Previously, low levels of CI-MPR were demonstrated in skeletal muscle of GAA-KO mice, specifically in muscles comprised primarily of type II myofibers (Raben et al 2003; Raben et al 2005). The importance of CI-MPR expression to ERT in Pompe disease was demonstrated by the enhanced efficacy of modified rhGAA – engineered to increase the number of mannose-6-phosphate moieties to increase binding with CI-MPR (McVie-Wylie et al 2008; Zhu et al 2009). Consistent with our prediction that increased CI-MPR will enhance the uptake and lysosomal targeting of GAA, Pompe disease patient fibroblasts were found to be deficient in CI-MPR recycling and uptake of rhGAA was impaired (Cardone et al 2008).

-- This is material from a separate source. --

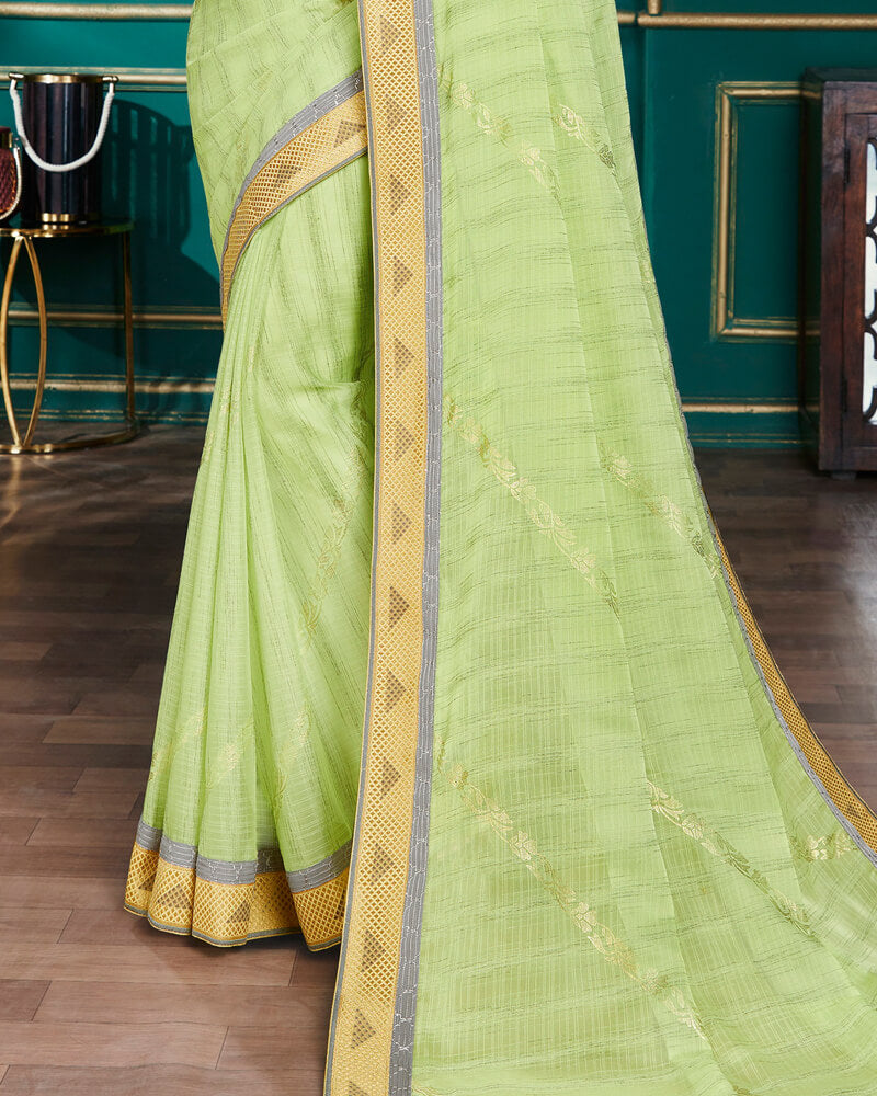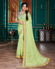 Vishal Prints Pastel Green Chiffon Saree With Foil Print And Jari Border

Furthermore, our earlier open-label clinical trial with another β2 agonist drug, albuterol, combined with ERT in adults with LOPD revealed safety and improved muscle function (Koeberl et al 2014). However, albuterol has been less effective at lowering muscle glycogen than clenbuterol in our preclinical experiments (Koeberl et al 2012; Li et al 2013), and adjunctive albuterol did not decrease muscle glycogen in our pilot clinical trial (Koeberl et al 2014).
Clinical trial with clenbuterol in LOPD
We recently published a clinical trial of clenbuterol treatment in adult patients with LOPD (Koeberl et al 2018). The goal of this study was to investigate whether adjunctive clenbuterol therapy could improve the benefits of ERT in Pompe disease. In this 52-week clinical trial, we investigated the use of clenbuterol in patients with LOPD who were stably treated with ERT for >3 years. Only minor side effects were caused by clenbuterol treatment, including transient tremors and cramping, and mild increases in the muscle enzyme, creatine kinase.

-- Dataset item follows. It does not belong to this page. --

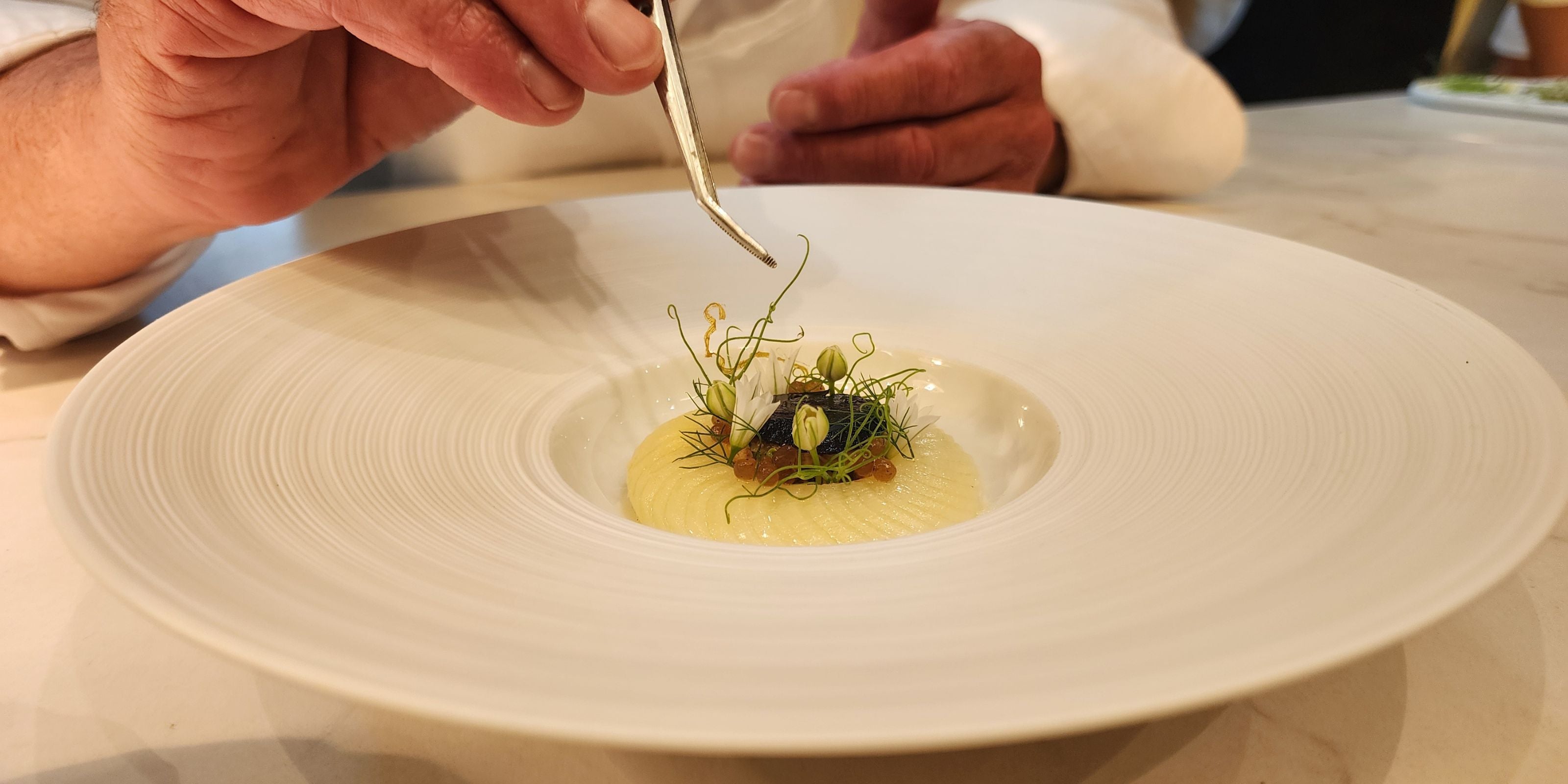 Emiliano Schobert presents his Michelin-starred recipe dedicated to Laumont: guinea fowl with black truffle, white asparagus, and fresh herbs.

Benefits at Week 52 included increased distance walked in the 6MWT, which measures how far someone can walk on a standard track in 6 minutes. The strength of breathing muscles also increased. Specialized muscle function testing also showed benefits in patients taking clenbuterol Muscle biopsies at the beginning and end of the study revealed lower glycogen in the muscle of patients taking clenbuterol, but not in the muscle of patients taking a placebo (a sugar pill). Sequencing of muscle RNA revealed beneficial changes in genes that are active in muscle only for patients taking clenbuterol. In summary, this study revealed initial safety and benefits from clenbuterol treatment in patients with LOPD who are stably treated with ERT, long after the benefits from ERT had stabilized or declined.

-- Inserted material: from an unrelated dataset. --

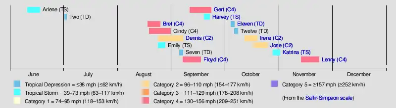 The 1999 Atlantic hurricane season was an event in the annual tropical cyclone season in the north Atlantic Ocean. This Atlantic hurricane season saw a near-average number of named tropical storms,[1][nb 1] though five of them became dangerous hurricanes of Category 4 intensity on the 5-level Saffir–Simpson scale, the most in a single season since 1886.[3] The season officially began on June 1, 1999 and ended on November 30, 1999. These dates, adopted by convention, historically describe the period in each year when most tropical systems form.[4] This season's first storm, Tropical Storm Arlene, formed on June 11, while the last, Hurricane Lenny, dissipated on November 23.

We propose to continue investigating the use of a selective β2 agonist in combination with ERT in order to progress to late-stage trials in LOPD. We predict that clenbuterol therapy will enhance the response to ERT in Pompe disease and other lysosomal storage disorders. Furthermore, increasing CI-MPR expression could reduce the dosage requirements for ERT or a future gene therapy (Li et al 2013). Overall, the availability of treatments that can prove the efficacy of ERT for Pompe disease and other lysosomal storage disorders will improve efficacy and reduce the costs of therapies for these diseases.
These findings are described in the article entitled Correction of Biochemical Abnormalities and Improved Muscle Function in a Phase I/II Clinical Trial of Clenbuterol in Pompe, recently published in the journal Molecular Therapy. This work was conducted by Dwight D. Koeberl, Laura E. Case, Edward C. Smith, Crista Walters, Sang-oh Han, Yanzhen Li, Wei Chen, Christoph P. Hornik, Kim M. Huffman, William E. Kraus, Beth L. Thurberg, David L. Corcoran, Deeksha Bali, Nenad Bursac, and Priya Kishnani from Duke University.